There was a report of an opinion poll in the i paper
a few days ago on the issue of paying benefits to young people who are not in
employment, education or training. The article
itself is behind a paywall, but the data is available in Table 53 in this
report. The headline figure was that 56% of those questioned believed that
all benefits should be stopped for such people. As one might expect, the
numbers vary between supporters of different parties, with those supporting
parties of ‘the right’ most likely to support the proposition. Asked in
isolation, it’s easy to see why so many might support that (why, the
implication is, should anyone not seen to be ‘contributing’ expect to be
supported?), but I wonder whether the implications have been thought through by
those responding to the survey.
For people in that ‘NEET’ category, benefits are
likely to be their only direct source of income; removing it implies that those
56% of respondents are quite happy for the young people to go without food,
clothing or shelter. In reality, of course, many (but by no means all) in that
category will be living with their parents, who would presumably be expected to
continue paying the living costs for their adult offspring. The key economic
fact to note, though, is that the withdrawal of benefits from anyone means that
someone, somewhere, has their own spending power reduced. Maybe it’s the
individuals directly affected, maybe it’s their parents who are obliged to
divert money from their own discretionary expenditure. In economic terms, it
matters little to the basic conclusion: somebody’s spending power would be
reduced, with a consequent reduction in overall demand. In fact, there’s a more general point which this underlines – if a
government cuts spending or increases taxation in pursuit of the alleged
nirvana of a balanced budget, someone, somewhere must always have their spending
power reduced.
The political question is that the ‘who’ and the ‘where’

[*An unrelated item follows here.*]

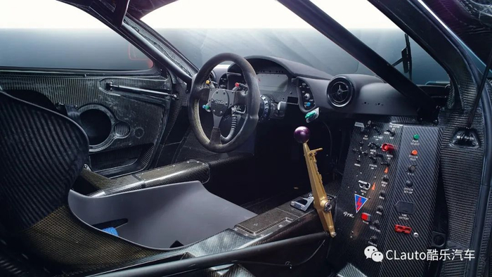 车内采用了大量Alcantara和碳纤维装饰面板,中控台配备了翻毛皮材质和碳纤维材质的方向盘、数字仪表盘以及炮筒式空调出风口,一体式的赛车座椅采用了四点式蓝色安全带,能将驾驶员牢牢地固定在座位上。

are ultimately choices being made by politicians. The claims that ‘benefits’ or
‘pensions’ are unaffordable are not the result of some iron-clad law of
economics; they are the direct result of political choices as to who should pay
for the entirely arbitrary need to pursue a balanced budget. Worse, they are
framed in such a way as to encourage us to believe that governments have no choice
but to act to reduce such expenditure, and that the impact of doing so will be
felt by ‘someone else’. But if we ask a rather different question, it’s easy
enough to expose the lie. That question is, in simple terms, ‘are there enough resources
in the UK to provide every citizen with a decent standard of living?’ The
answer, unquestionably, is ‘yes, of course there are’. That we ‘choose’ not to
use those resources to achieve that aim is down to ideology, not economics.
None of that, of course, provides an answer to the
problem of so-called NEETs – but then neither does simply cutting their
benefits. The only ‘problem’ that that solves is how we continue to ensure that
resources are concentrated in fewer and fewer hands. But that concentration of
wealth is the much bigger economic problem.